[REQUIREMENT]: Using the records below, transcribe word for word the stretch from the line that contains "海軍第十一批護(hù)航編隊" through the line that contains "中古三十六歌仙のひとりとされ", both end lines included, and nothing else.

[SUPPLIED DATA]:
========================
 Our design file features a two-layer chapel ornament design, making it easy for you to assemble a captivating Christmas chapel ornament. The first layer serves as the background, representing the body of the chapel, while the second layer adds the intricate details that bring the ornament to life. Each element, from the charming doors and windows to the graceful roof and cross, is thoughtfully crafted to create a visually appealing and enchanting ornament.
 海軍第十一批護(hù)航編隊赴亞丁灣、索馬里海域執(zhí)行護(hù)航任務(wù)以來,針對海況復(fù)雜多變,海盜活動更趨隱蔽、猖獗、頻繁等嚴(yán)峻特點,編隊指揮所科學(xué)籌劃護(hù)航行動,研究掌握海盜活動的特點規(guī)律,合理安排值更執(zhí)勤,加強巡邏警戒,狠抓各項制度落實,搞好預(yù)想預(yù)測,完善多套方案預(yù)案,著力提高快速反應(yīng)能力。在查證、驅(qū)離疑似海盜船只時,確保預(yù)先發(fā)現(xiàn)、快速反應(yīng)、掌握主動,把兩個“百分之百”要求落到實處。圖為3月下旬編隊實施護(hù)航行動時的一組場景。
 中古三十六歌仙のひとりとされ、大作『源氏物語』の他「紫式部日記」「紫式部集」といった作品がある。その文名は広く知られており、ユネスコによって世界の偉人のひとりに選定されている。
========================
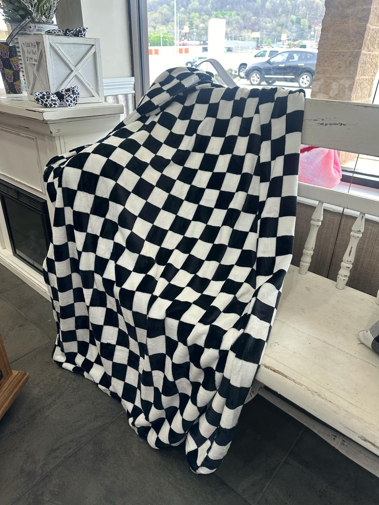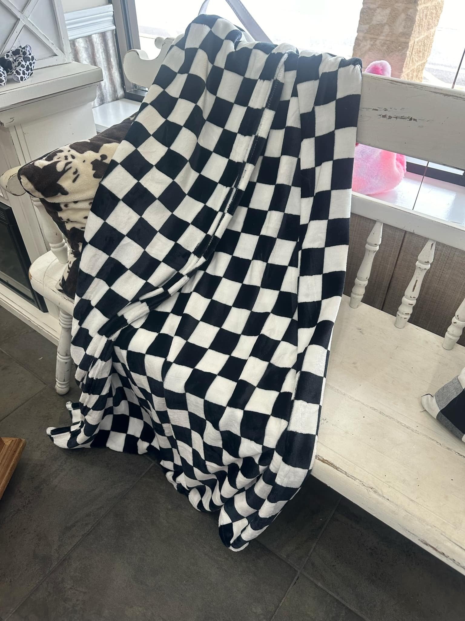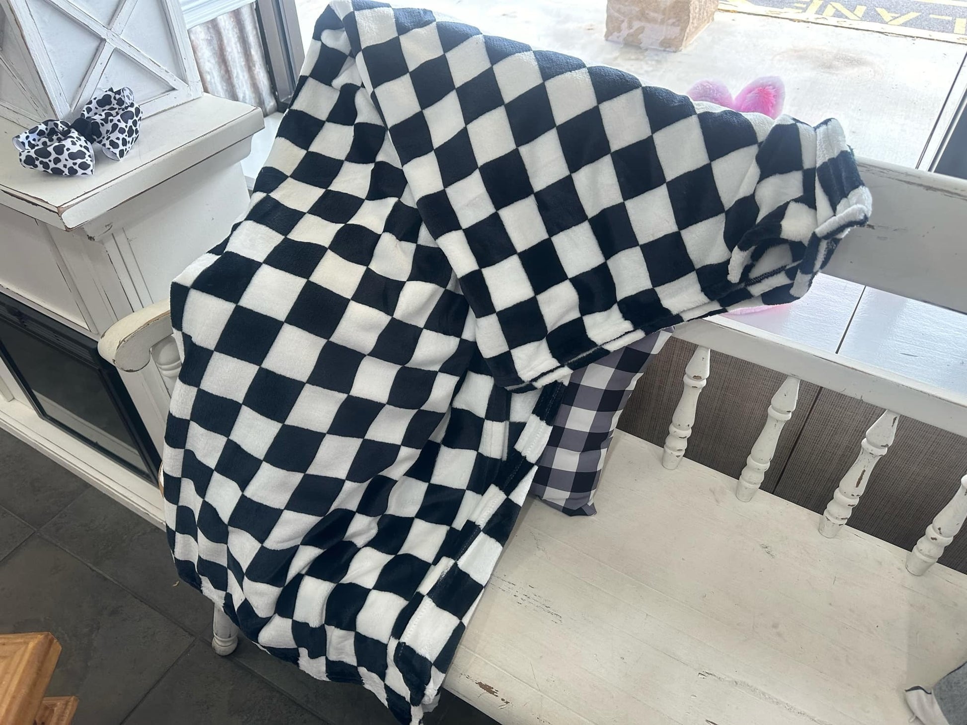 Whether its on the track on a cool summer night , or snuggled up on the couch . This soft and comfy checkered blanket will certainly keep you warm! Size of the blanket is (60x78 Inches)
========================
[COMPLETED EXERCISE]:
 海軍第十一批護(hù)航編隊赴亞丁灣、索馬里海域執(zhí)行護(hù)航任務(wù)以來,針對海況復(fù)雜多變,海盜活動更趨隱蔽、猖獗、頻繁等嚴(yán)峻特點,編隊指揮所科學(xué)籌劃護(hù)航行動,研究掌握海盜活動的特點規(guī)律,合理安排值更執(zhí)勤,加強巡邏警戒,狠抓各項制度落實,搞好預(yù)想預(yù)測,完善多套方案預(yù)案,著力提高快速反應(yīng)能力。在查證、驅(qū)離疑似海盜船只時,確保預(yù)先發(fā)現(xiàn)、快速反應(yīng)、掌握主動,把兩個“百分之百”要求落到實處。圖為3月下旬編隊實施護(hù)航行動時的一組場景。
 中古三十六歌仙のひとりとされ、大作『源氏物語』の他「紫式部日記」「紫式部集」といった作品がある。その文名は広く知られており、ユネスコによって世界の偉人のひとりに選定されている。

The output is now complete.